**Exercise directions**
Exact copies of the lines below are the goal; any images in them are dropped.

··········

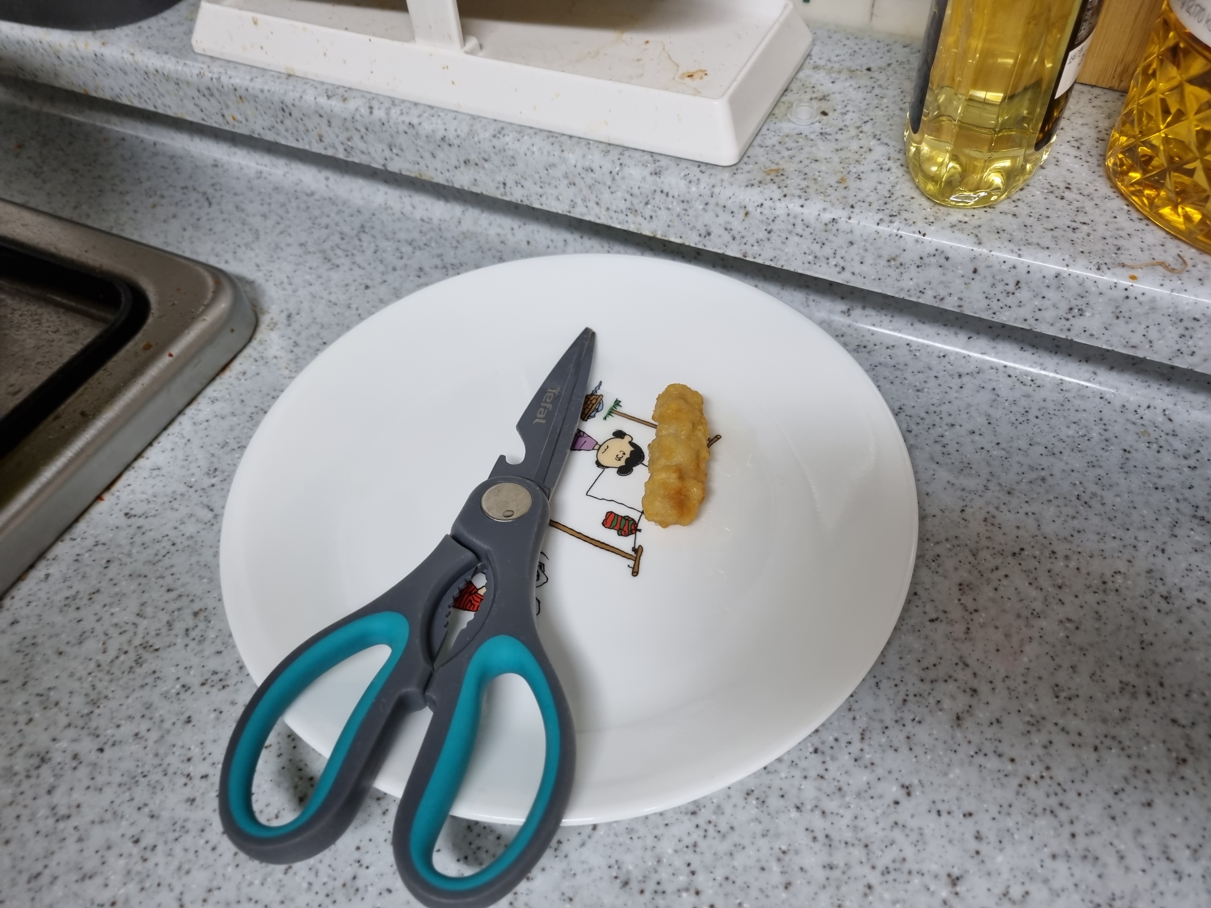 이쁜 빛깔이 나오면 치킨타올을 깐 접시에 담아요.
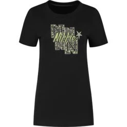 Het NIKKIE Green Flower shirt voor dames is gemaakt van 100% katoen en heeft een ronde halslijn. Dit NIKKIE shirt heeft een soepel regular pasvorm.
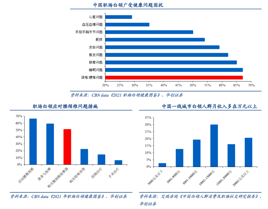 經(jīng)典案例:根據(jù)CBN data《2021年職場白領(lǐng)健康圖鑒》、華創(chuàng)證券、艾瑞咨詢《中國白領(lǐng)人群消費(fèi)及職場社交研究報(bào)告》等綜合資訊表明,在白領(lǐng)中腰椎/頸椎問題最為常見,比重達(dá)到 67%,是與睡眠問題并列的最普遍職場健康問題。
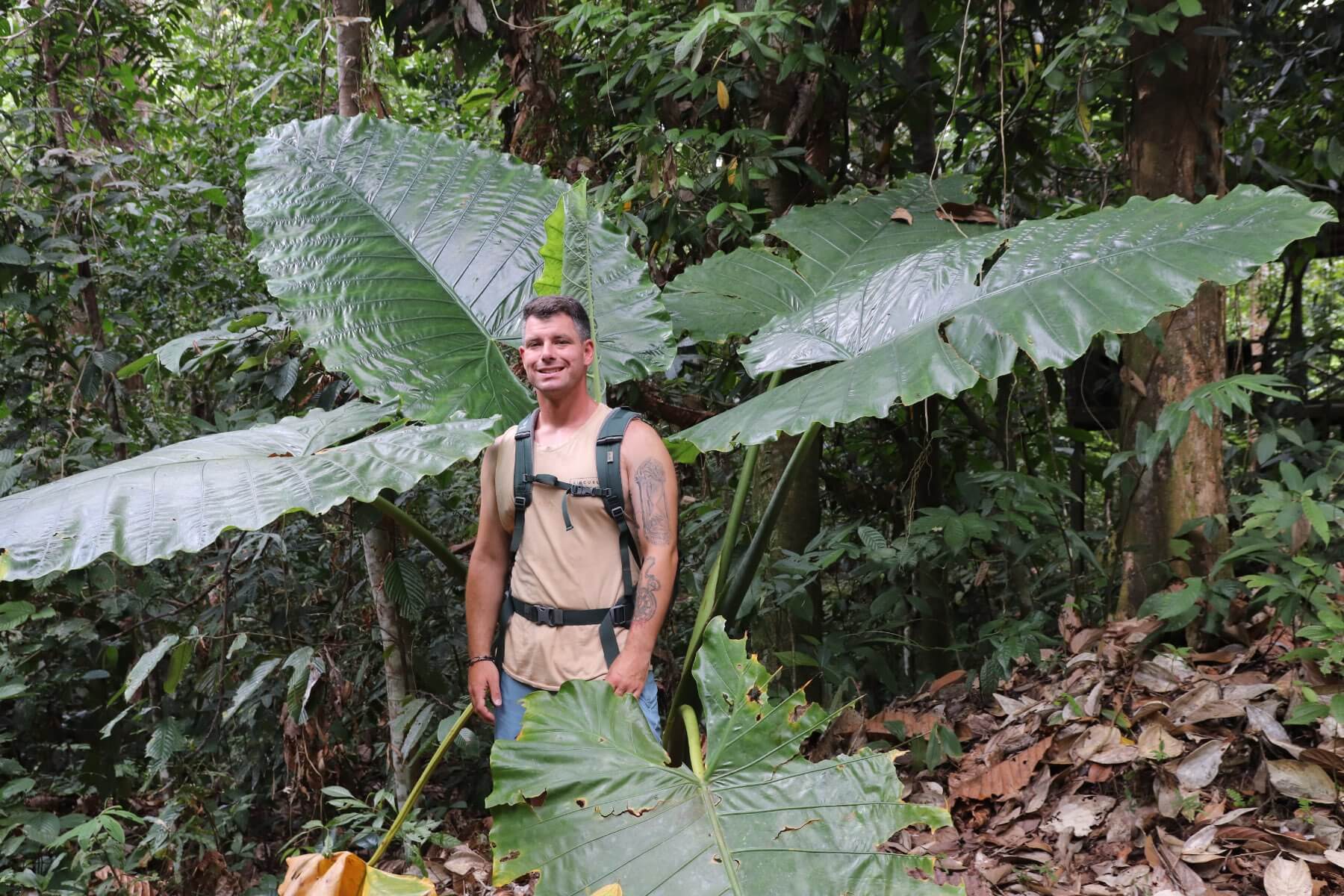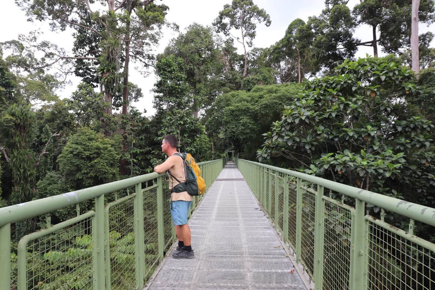 Nachdem wir die Auffangstationen besucht haben möchten wir in die Natur und die Tiere in freier Wildbahn sehen. Das Rainforest Discovery Centre befindet sich in Sepilok und umfasst einige kurze und lange Wanderwege durch den Regenwald, wie auch einen sehr schönen Canopy Walk. Uns macht das heiße Wetter etwas zu schaffen und nach kurzer Zeit sind wir bei 34 Grad und 76% Luftfeuchtigkeit komplett nass geschwitzt. Auch im Schatten und bei Nichtbewegung läuft uns der Schweiß schon den Rücken runter und sobald wir uns bewegen sind wir schnell komplett nass und klebrig.
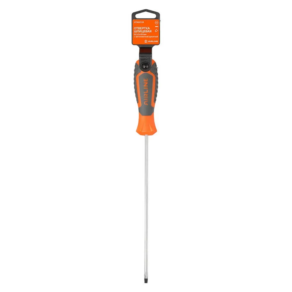 ATAW034 AIRLINE Отвертка шлицевая SL3.0x150мм с эргономичной рукояткой магнитная, пласт.подвес (

··········

**Output for this exercise**
 이쁜 빛깔이 나오면 치킨타올을 깐 접시에 담아요.
 Het NIKKIE Green Flower shirt voor dames is gemaakt van 100% katoen en heeft een ronde halslijn. Dit NIKKIE shirt heeft een soepel regular pasvorm.
 經(jīng)典案例:根據(jù)CBN data《2021年職場白領(lǐng)健康圖鑒》、華創(chuàng)證券、艾瑞咨詢《中國白領(lǐng)人群消費(fèi)及職場社交研究報(bào)告》等綜合資訊表明,在白領(lǐng)中腰椎/頸椎問題最為常見,比重達(dá)到 67%,是與睡眠問題并列的最普遍職場健康問題。
 Nachdem wir die Auffangstationen besucht haben möchten wir in die Natur und die Tiere in freier Wildbahn sehen. Das Rainforest Discovery Centre befindet sich in Sepilok und umfasst einige kurze und lange Wanderwege durch den Regenwald, wie auch einen sehr schönen Canopy Walk. Uns macht das heiße Wetter etwas zu schaffen und nach kurzer Zeit sind wir bei 34 Grad und 76% Luftfeuchtigkeit komplett nass geschwitzt. Auch im Schatten und bei Nichtbewegung läuft uns der Schweiß schon den Rücken runter und sobald wir uns bewegen sind wir schnell komplett nass und klebrig.
 ATAW034 AIRLINE Отвертка шлицевая SL3.0x150мм с эргономичной рукояткой магнитная, пласт.подвес (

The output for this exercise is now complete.